(Data shown)
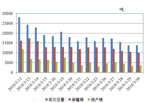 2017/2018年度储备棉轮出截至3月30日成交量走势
(End Data shown)
(Data shown)
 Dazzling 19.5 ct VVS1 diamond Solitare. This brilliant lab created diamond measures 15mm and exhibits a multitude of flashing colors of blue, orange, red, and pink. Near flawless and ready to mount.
(End Data shown)
(Data shown)
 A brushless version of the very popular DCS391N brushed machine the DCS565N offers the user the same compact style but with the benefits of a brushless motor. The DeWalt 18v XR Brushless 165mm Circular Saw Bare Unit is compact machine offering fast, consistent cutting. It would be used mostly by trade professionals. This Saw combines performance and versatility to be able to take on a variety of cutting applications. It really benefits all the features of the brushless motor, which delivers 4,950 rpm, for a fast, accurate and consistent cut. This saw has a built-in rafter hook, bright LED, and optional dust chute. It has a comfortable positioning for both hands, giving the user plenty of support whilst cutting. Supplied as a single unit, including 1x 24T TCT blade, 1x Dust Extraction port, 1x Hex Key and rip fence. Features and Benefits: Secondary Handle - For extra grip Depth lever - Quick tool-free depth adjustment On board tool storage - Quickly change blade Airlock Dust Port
(End Data shown)
| Exercise brief |
Copy every line of the records above that contains "This".

| Exercise response |
 Dazzling 19.5 ct VVS1 diamond Solitare. This brilliant lab created diamond measures 15mm and exhibits a multitude of flashing colors of blue, orange, red, and pink. Near flawless and ready to mount.
 A brushless version of the very popular DCS391N brushed machine the DCS565N offers the user the same compact style but with the benefits of a brushless motor. The DeWalt 18v XR Brushless 165mm Circular Saw Bare Unit is compact machine offering fast, consistent cutting. It would be used mostly by trade professionals. This Saw combines performance and versatility to be able to take on a variety of cutting applications. It really benefits all the features of the brushless motor, which delivers 4,950 rpm, for a fast, accurate and consistent cut. This saw has a built-in rafter hook, bright LED, and optional dust chute. It has a comfortable positioning for both hands, giving the user plenty of support whilst cutting. Supplied as a single unit, including 1x 24T TCT blade, 1x Dust Extraction port, 1x Hex Key and rip fence. Features and Benefits: Secondary Handle - For extra grip Depth lever - Quick tool-free depth adjustment On board tool storage - Quickly change blade Airlock Dust Port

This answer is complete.